--- DATA SHOWN ---
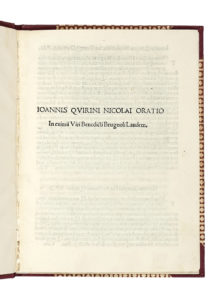 Querini Giovanni (di Nicolò), Oratio in eximii viri Benedicti Brugnoli laudem. [Venezia: dopo il 1502].
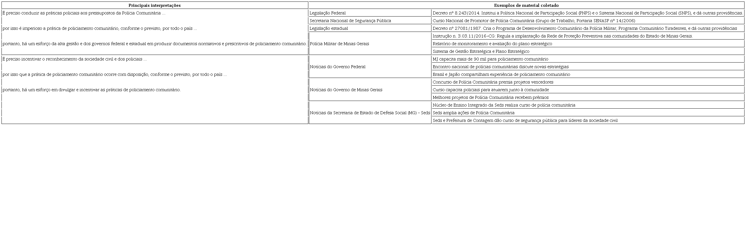 A pesquisa mostrou que os repertórios do nível macro (pesquisa documental de leis, normas, regulamentos e notícias on-line do Governo Federal, do Estado de Minas Gerais e da Polícia Militar de Minas Gerais), apresentados no Quadro 3, foram ressignificados pelas interpretações de policiais militares do 17º BPM que lidam cotidianamente com as práticas de policiamento comunitário, conforme os repertórios que emergiram das entrevistas, da observação participante e dos registros em Caderno de Campo da pesquisa em grupos virtuais da rede social WhatsApp, apresentados no Quadro 4.
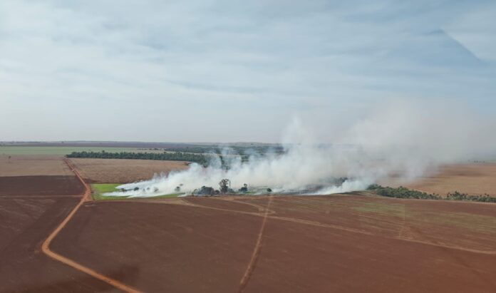 Casa, tratores e galpões da Fazenda Ypuitã foram destruídos pelo fogo na madrugada deste sábado. Polícia Militar, DOF e Força Nacional atuam na região de tensão.
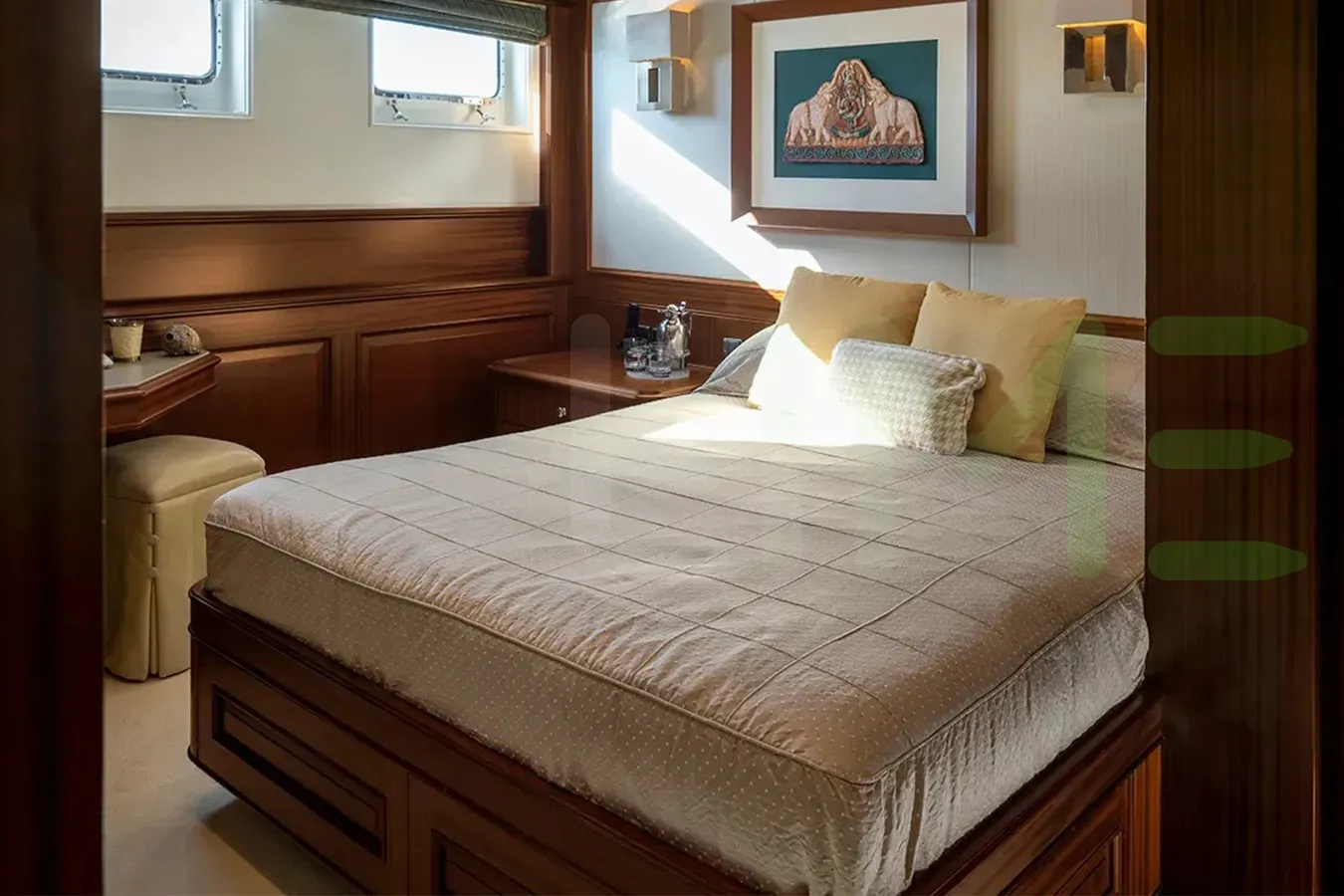 MY LITTLE VIOLET is a full-displacement oceangoing mono-hull motoryacht, with a beam of 28' 7" (8.7 meters), offering stability and comfort during blue water open ocean navigation, including near coastal and inland cruising. Her full-displacement hull shape and draft of 9' 2" (2.8 meters) further contribute to a yacht with a longer range, stowage, and a smooth sailing experience, making her ideal for extended journeys and global travel.

--- EXERCISE DESCRIPTION ---
Starting with the first line of the material above and ending with the line that holds "Casa, tratores e", write out those lines exactly, without pictures.

--- RESPONSE TO THE TASK ---
 Querini Giovanni (di Nicolò), Oratio in eximii viri Benedicti Brugnoli laudem. [Venezia: dopo il 1502].
 A pesquisa mostrou que os repertórios do nível macro (pesquisa documental de leis, normas, regulamentos e notícias on-line do Governo Federal, do Estado de Minas Gerais e da Polícia Militar de Minas Gerais), apresentados no Quadro 3, foram ressignificados pelas interpretações de policiais militares do 17º BPM que lidam cotidianamente com as práticas de policiamento comunitário, conforme os repertórios que emergiram das entrevistas, da observação participante e dos registros em Caderno de Campo da pesquisa em grupos virtuais da rede social WhatsApp, apresentados no Quadro 4.
 Casa, tratores e galpões da Fazenda Ypuitã foram destruídos pelo fogo na madrugada deste sábado. Polícia Militar, DOF e Força Nacional atuam na região de tensão.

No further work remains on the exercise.